• **AIM OF THE EXERCISE**:
Transcribe the material verbatim, starting at its first line and stopping once the line containing "J-B Weld 33106" has been given; no picture should appear.

• **INFORMATION SUPPLIED**:
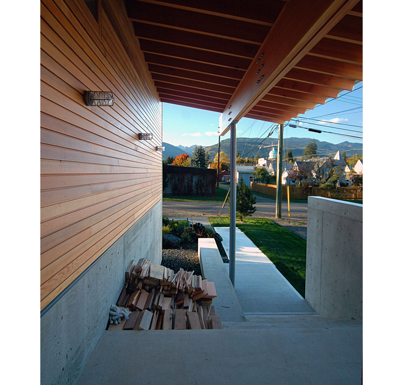 The trailer jibe may also have to do with the fact the Battersby house – co-designed by their Vancouver-based son David – is more metallic than woodsy, in sharp contrast to the loggy mock-Whistler houses newly arrived in town along with such other symptoms of resort mania as cedar-shake roofs – both less functional and more expensive than metal cappings. The David Battersby and Heather Howat design makes innovative use of a local vernacular building design element appropriate to this extreme snow zone town – standing seam metal roofs – then situates this material in an unexpected way.
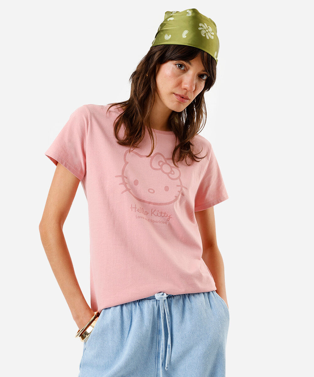 camiseta feminina manga curta hello kitty rosa
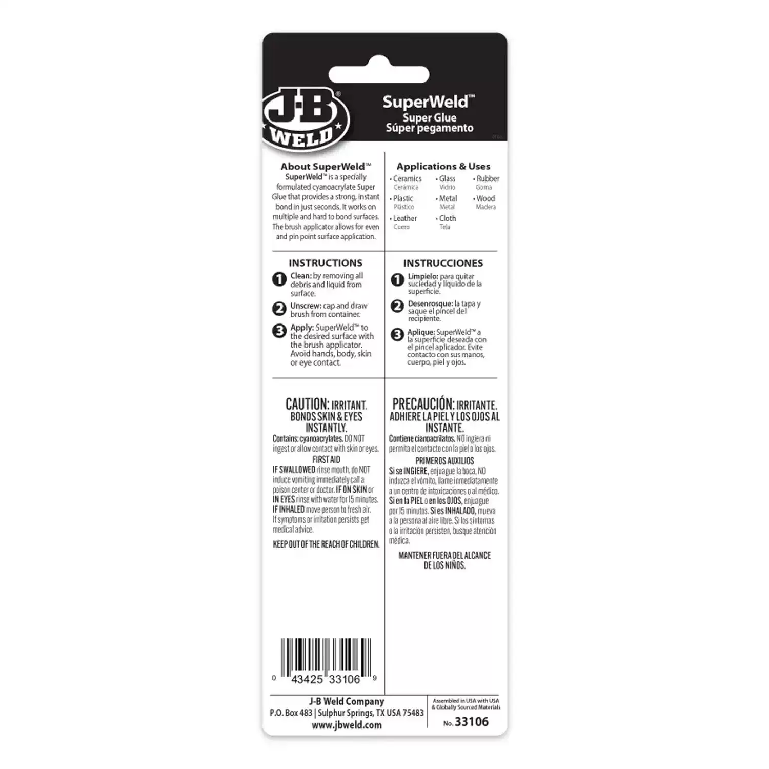 J-B Weld 33106 .21oz SuperWeld Brush On Instant Adhesive Features
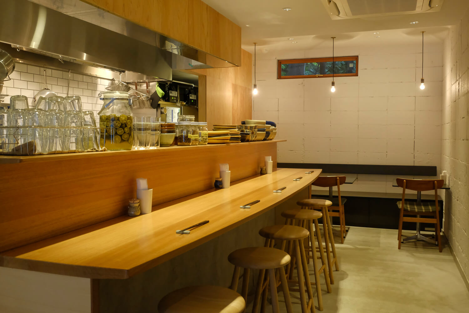 Here, on weekday evenings, sake and a tsumami menu (finger food and appetizers) are offered, arranged with unique selections such as yurinyu, prepared from minced tuna à la youlinji, the Chinese sweet and sour chicken dish. The stylish décor of subdued lighting and white bricks, which might easily be mistaken for a café, derives from the store in Brooklyn. The atmosphere, redolent of a ramen restaurant in New York, is casual, and across-the-counter conversation flows easily between staff and diners. Highly recommended for those who, after finishing off a bowl of ramen, want to linger and talk, sip sake, and relax.

• **SOLUTION TO THIS EXERCISE**:
 The trailer jibe may also have to do with the fact the Battersby house – co-designed by their Vancouver-based son David – is more metallic than woodsy, in sharp contrast to the loggy mock-Whistler houses newly arrived in town along with such other symptoms of resort mania as cedar-shake roofs – both less functional and more expensive than metal cappings. The David Battersby and Heather Howat design makes innovative use of a local vernacular building design element appropriate to this extreme snow zone town – standing seam metal roofs – then situates this material in an unexpected way.
 camiseta feminina manga curta hello kitty rosa
 J-B Weld 33106 .21oz SuperWeld Brush On Instant Adhesive Features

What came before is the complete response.